**What is required**
Find "Yleispelaaja Kasimir Vuorinen" in the material below, then write out that line and every line after it exactly, ending with the last one; skip the pictures.

+--

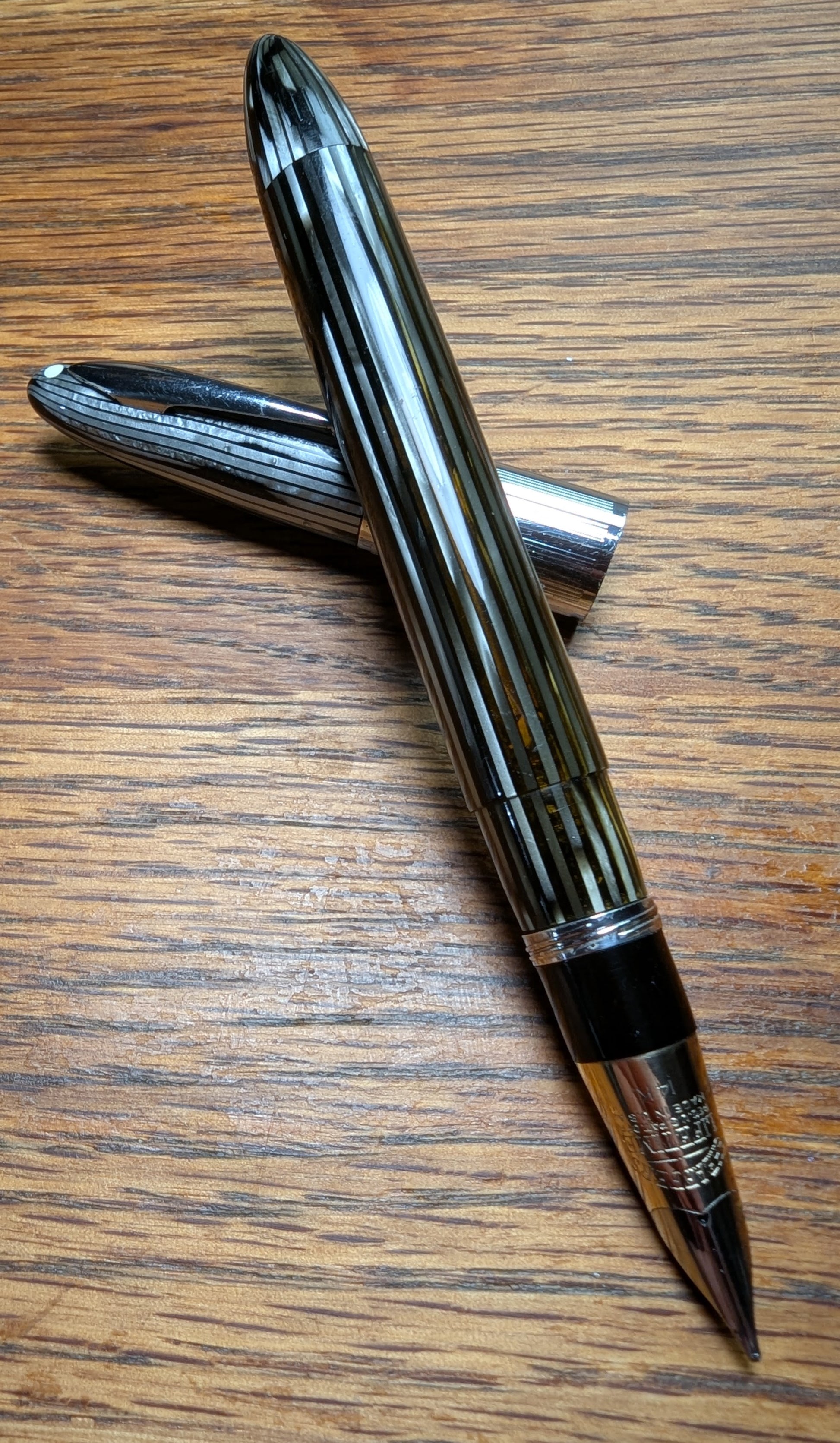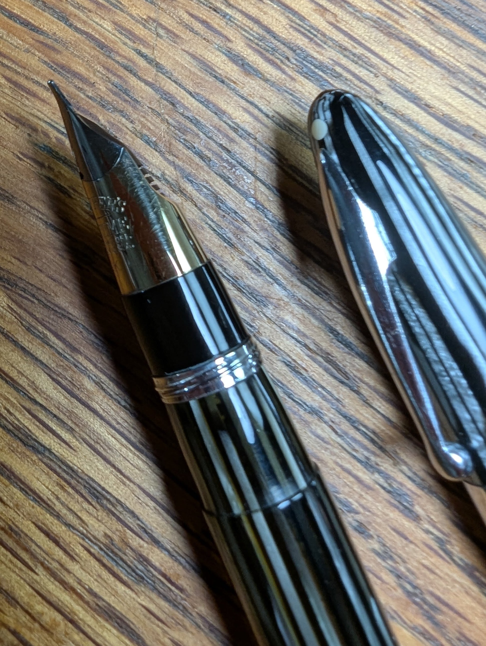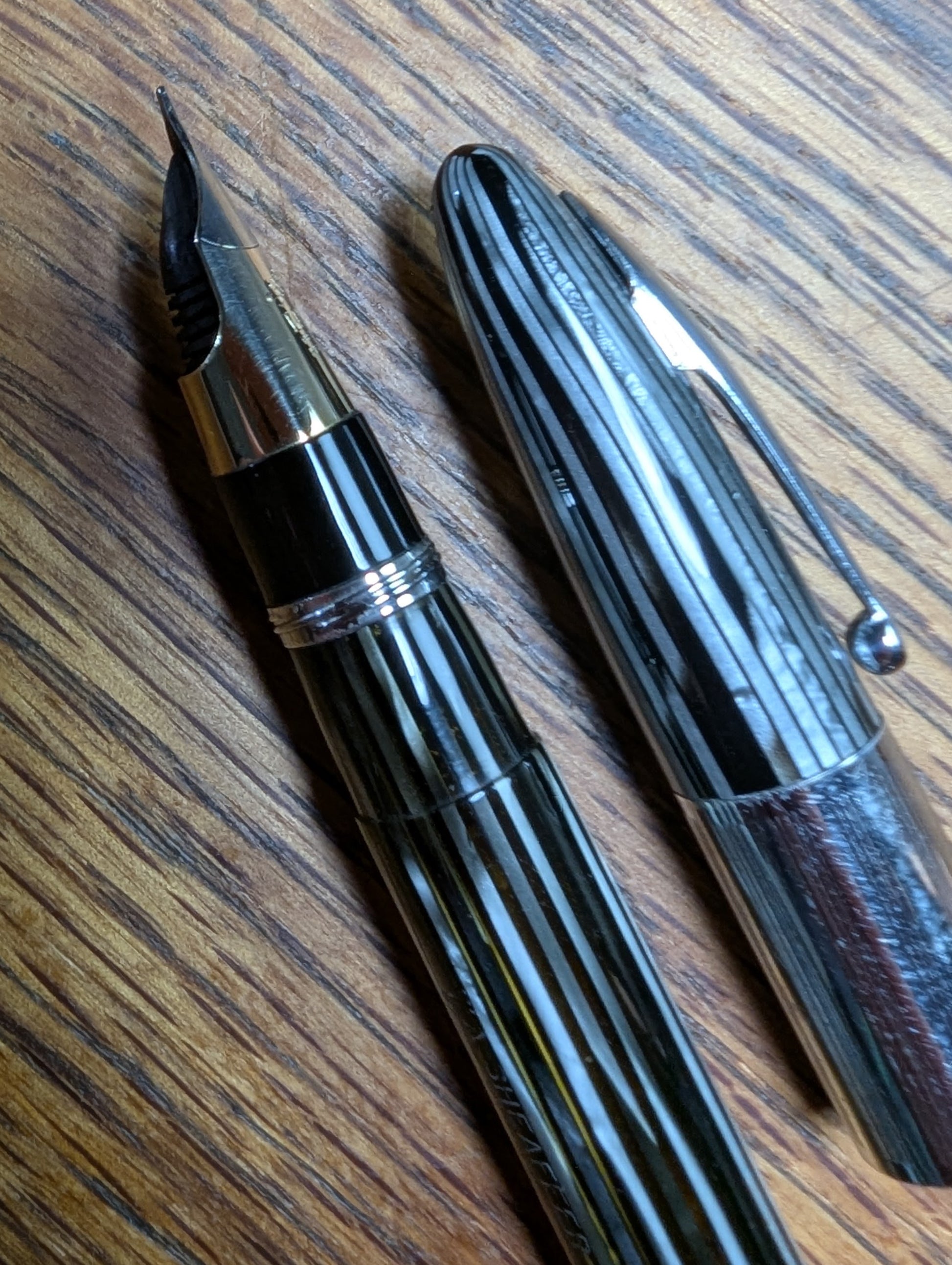 The pen is very nice. The celluloid is in excellent condition with very good transparency and clarity. The chrome plating is excellent. Chrome plating on vintage pens of the 1930s and 1940s is not always this nice.
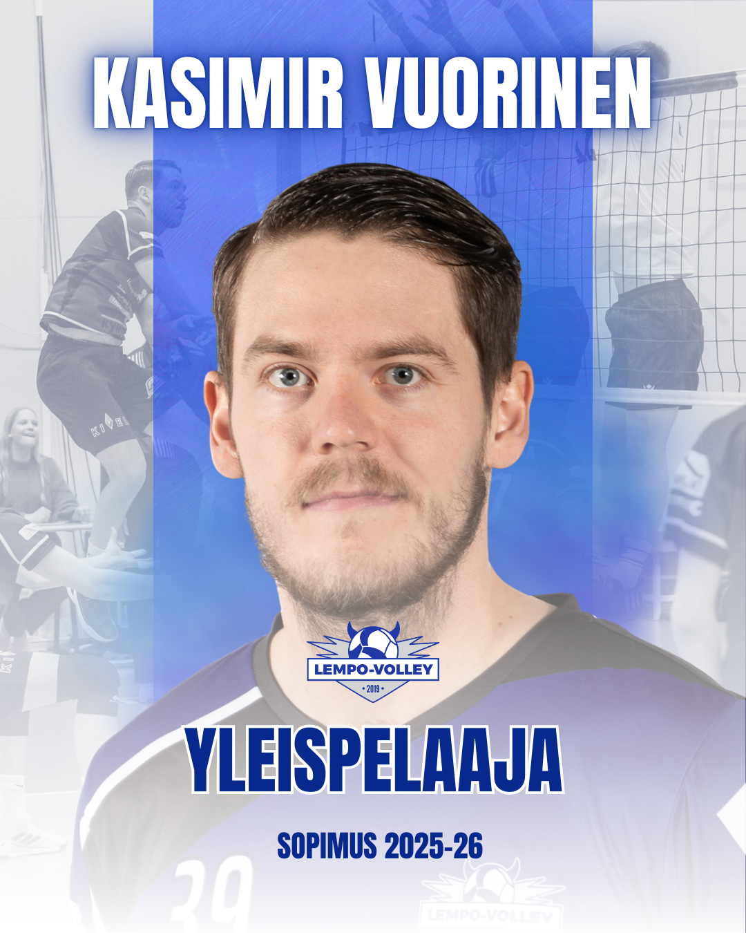 Yleispelaaja Kasimir Vuorinen jatkaa Lempo-Volleyn miesten 1-sarjajoukkueessa kauden 2025–26 mittaisella sopimuksella. 29-vuotiaalle Vuoriselle alkava kausi Lempossa on kolmas ja toinen peräkkäinen.
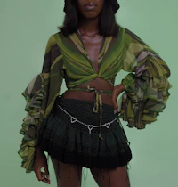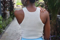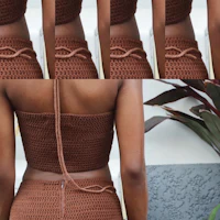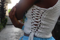 •Corset laced crochet crop top with hand-crafted flower appliqué
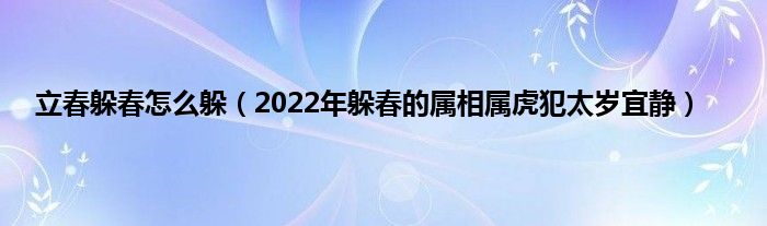 大家好,综合小编来为大家讲解下。立春躲春怎么躲,2022年躲春的属相属虎犯太岁宜静这个很多人还不知道,现在让我们一起来看看吧!
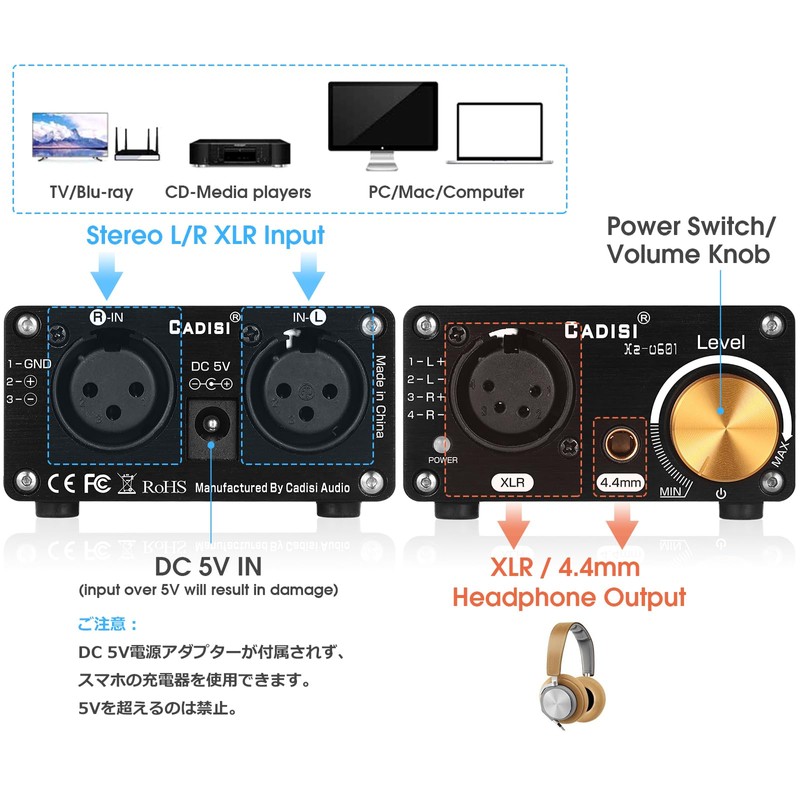 - Mini size and exquisite appearance, low distortion, high output, pure colorless sound makes it easy to experience the delicate details of the music and shocking swing. The U5 is the perfect helper for all xlr /4.4mm headphones to improve sound quality

+--

**Response to this exercise**
 Yleispelaaja Kasimir Vuorinen jatkaa Lempo-Volleyn miesten 1-sarjajoukkueessa kauden 2025–26 mittaisella sopimuksella. 29-vuotiaalle Vuoriselle alkava kausi Lempossa on kolmas ja toinen peräkkäinen.
 •Corset laced crochet crop top with hand-crafted flower appliqué
 大家好,综合小编来为大家讲解下。立春躲春怎么躲,2022年躲春的属相属虎犯太岁宜静这个很多人还不知道,现在让我们一起来看看吧!
 - Mini size and exquisite appearance, low distortion, high output, pure colorless sound makes it easy to experience the delicate details of the music and shocking swing. The U5 is the perfect helper for all xlr /4.4mm headphones to improve sound quality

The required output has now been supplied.